Ja! "Rechtzeitig zur Einäscherung im Krematorium liegts in ihrem Sarg. Versprochen!" sagt George Broussard.


----------



## bail (5. November 2009)

Leute lästert nicht über den Duke ja!!
Das Spiel ist einfach unvergesslich!! ähnlich wie Quake 
Lets Rock..


----------



## riedochs (5. November 2009)

Ich glaub nicht daran das wir DNFE je in Haenden halten werden.


----------



## Invisible_XXI (5. November 2009)

hyperionical schrieb:


> Selbst wenn es jemals erscheint, wird ein Duke (wie das Orgi-Spiel) nach heutigen Maßstäben ein sehr schlechtes Spiel sein.

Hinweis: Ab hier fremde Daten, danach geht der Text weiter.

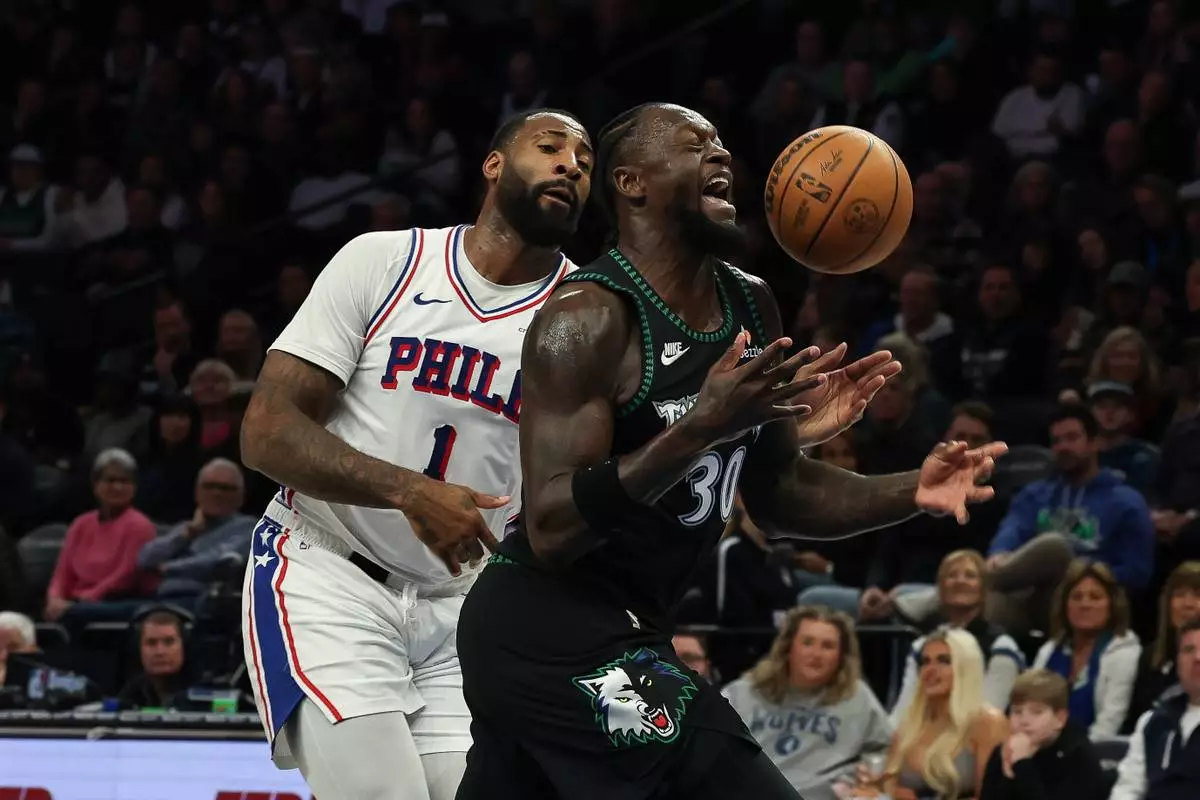 Minnesota Timberwolves forward Julius Randle (30) is fouled by Philadelphia 76ers center Andre Drummond (1) during the first half of an NBA basketball game Sunday, Feb. 22, 2026, in Minneapolis. (AP Photo/Stacy Bengs)
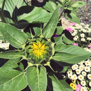 ひまわり第一弾が咲きそう🌻 色々な品種で段になるように植えたけど、全体的に想像してたより低め💦 混み合いすぎて栄養足りなかったのかな… あと、蕾が全部真上に向かってるのが不思議。 お花も空向いて咲くのかな😅
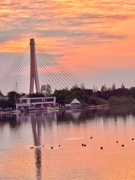 呜呜呜 不枉我五点半就到锦城湖了[皱眉R] 真的好好看🥹还有很多🦆在戏水
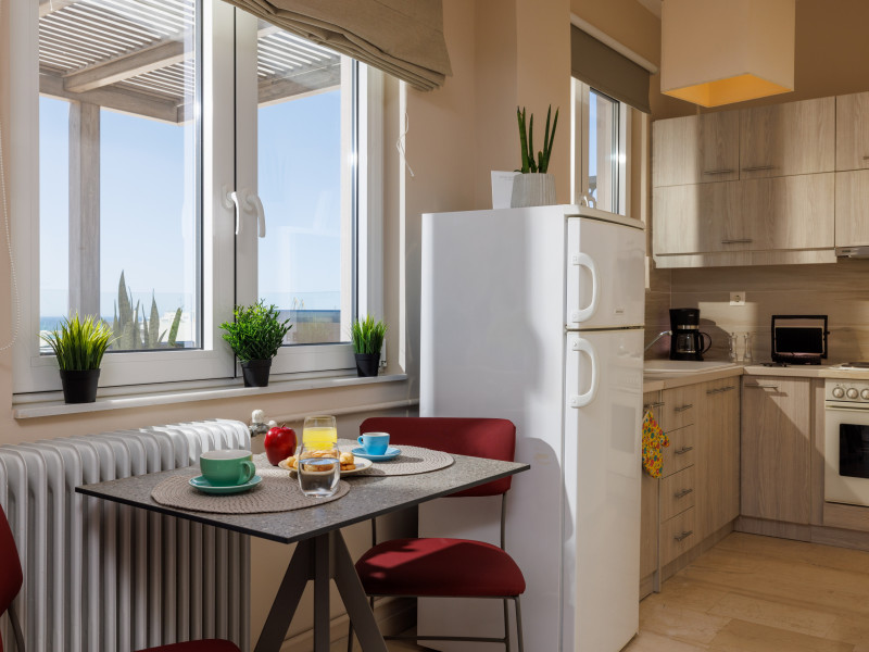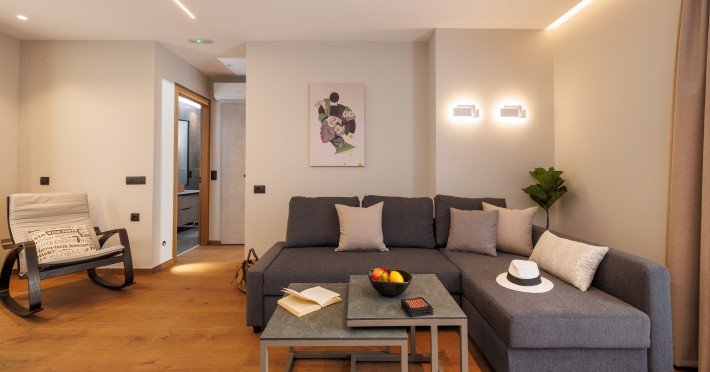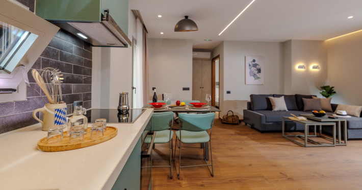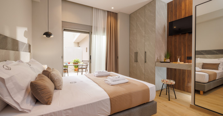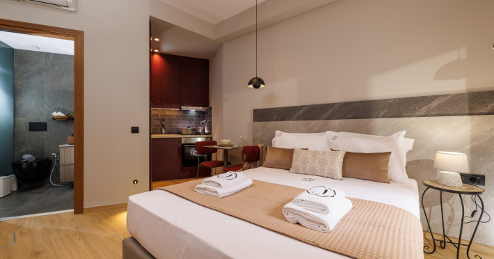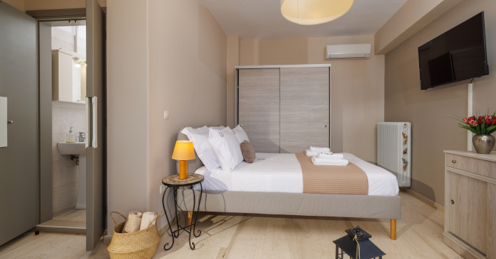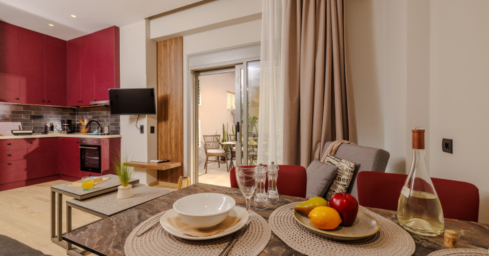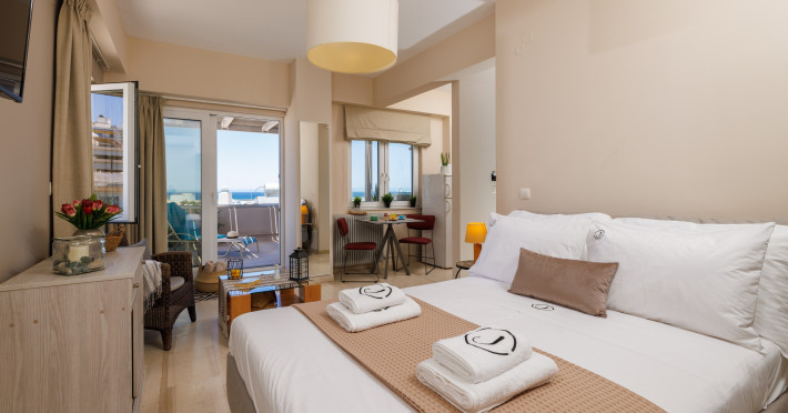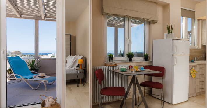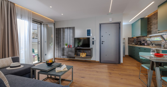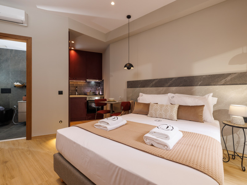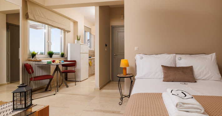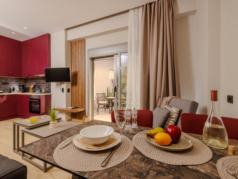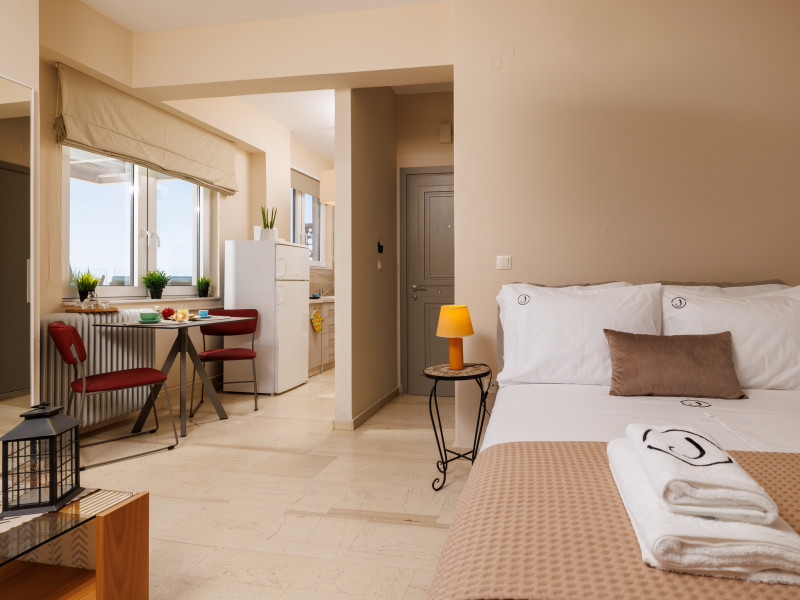 Jolly Suites in Heraklion town offers apartment-style accommodations with free WiFi, air-conditioning, and private bathrooms. Each unit includes a fully equipped kitchen, washing machine, and dining area. Guests benefit from private check-in and check-out, a paid shuttle service, elevator, concierge, outdoor seating, family rooms. Additional amenities include sea views, terrace, balcony, sofa bed, and soundproofing.
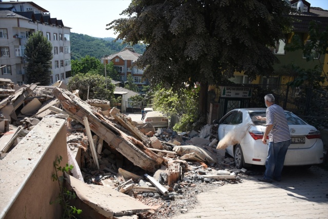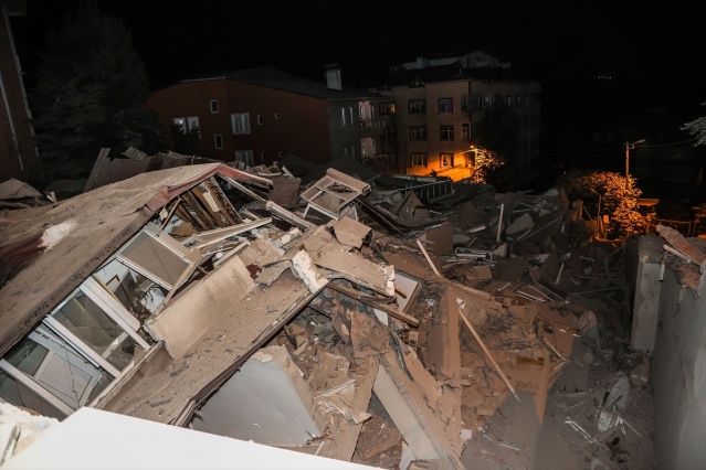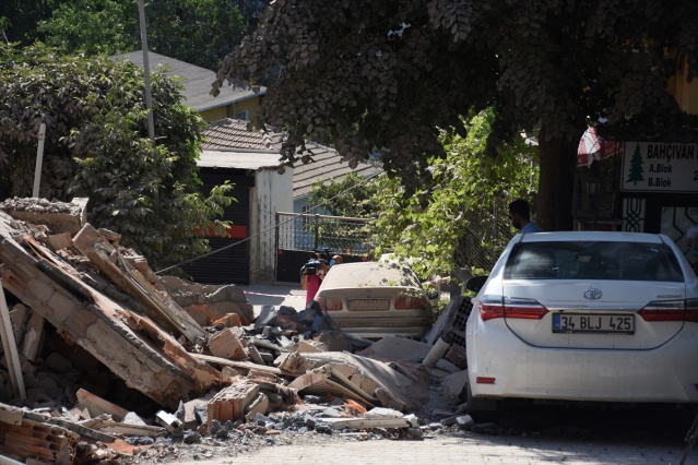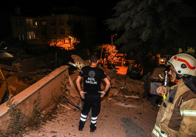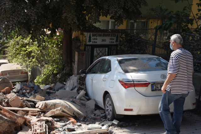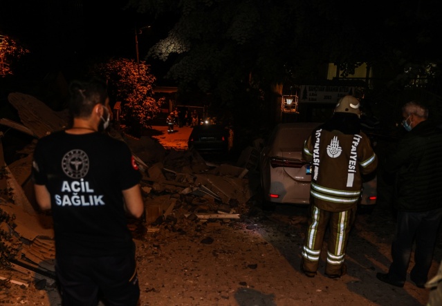 Sarıyer'de 11 katlı boş binanın çökmesi sonucu civarda park halindeki 3 otomobilde hasar oluştu.

es wird hoffentlich - wie damals - ein actionspiel für erwachsene, auf sowas warte ich nämlich schon lange!! satte old-school-action und dazu ein bisschen nudity und coole sprüche. muss man denn so alt wie ich sein, um das cool zu finden?!
genau deswegen freu ich mich auch auf "the expendables" (kinofilm). endlich mal wieder old-school-action und nicht irgend ne übertriebene kinderkacke ala gi joe und co...


----------



## BigBubby (5. November 2009)

alt wie du? siehst aus wie 16 

serious sam hd dürfte zumindestens ein schwacher trost sein


----------



## Altair94 (5. November 2009)

Ich bin zwar keine 30+ aber ich finde, dass Duke der größte ist. Für das spiel lohnt es sich nochmal ne N64 zu kaufen. Do you wanna dance.. shake it Baby!!


----------



## Bigdaddy203 (5. November 2009)

Altair94 schrieb:


> Für das spiel lohnt es sich nochmal ne N64 zu kaufen.


Da gebe ich dir vollkommen Recht!
Auf dem N64 war der Duke infach nur Genial und es würde sich Heute noch lohnen surchzuspielen.
Das Flair ist doch mehr als Cool.


----------



## Falb (6. November 2009)

*Hail to the King, baby ! *



Auch wenn ich zu 98% davon ausgehe, dass der Duke unter der karibischen Sonne liegt und seinen Ruhestand genießt, so klammert man sich ja gern an die verbliebenen 2% und hofft, dass es ein weiteres abgefahrenes Ballerfest mit ihm geben wird. 

Es wäre einfach zu geil wenn das noch klappt....... **


----------



## feivel (7. November 2009)

Bigdaddy203 schrieb:


> Da gebe ich dir vollkommen Recht!
> Auf dem N64 war der Duke infach nur Genial und es würde sich Heute noch lohnen surchzuspielen.
> Das Flair ist doch mehr als Cool.


 

gaga??
auf dem n64 wars nur ne beschnittene verwaschene schlechte umsetzung...
das zockt man nachwievor auf dem pc O_O


----------



## Oi!Olli (8. November 2009)

Altair94 schrieb:


> Ich bin zwar keine 30+ aber ich finde, dass Duke der größte ist. Für das spiel lohnt es sich nochmal ne N64 zu kaufen. Do you wanna dance.. shake it Baby!!




Steht das 94 für dein Geburtsjahr?


----------



## Casemodding_Maker (9. November 2009)

n0stradamus schrieb:


> Die ersten Duke-Spiele waren vor meiner Zeit, aber der Mythos hat mich inzwischen mitgerissen
> Ich hoffe echt, dass sich ein paar motivierte Leute dahintersetzen und der Duke-Szene wieder "Lets Rock"-Atmosphäre geben


 Da frage ich mich,wieso?


----------



## Apokalypsos (13. November 2009)

Der Duke wird kommen, soviel steht fest. 
Ich habe den Duke schon in 2D gespielt und ab und zu hol ich ihn noch in 3D raus. Dieses Spiel macht bis heute dank einer nach wie vor aktiven Fangemeinde und Texturmods höllisch Spaß. Da können viele aktuelle Shooter nicht im geringsten mithalten.

Ich werde mich auf jeden Fall einfrieren lassen und zum geplanten Releasetermin, im Winter 2666, werde ich wieder den Duke spielen!!


----------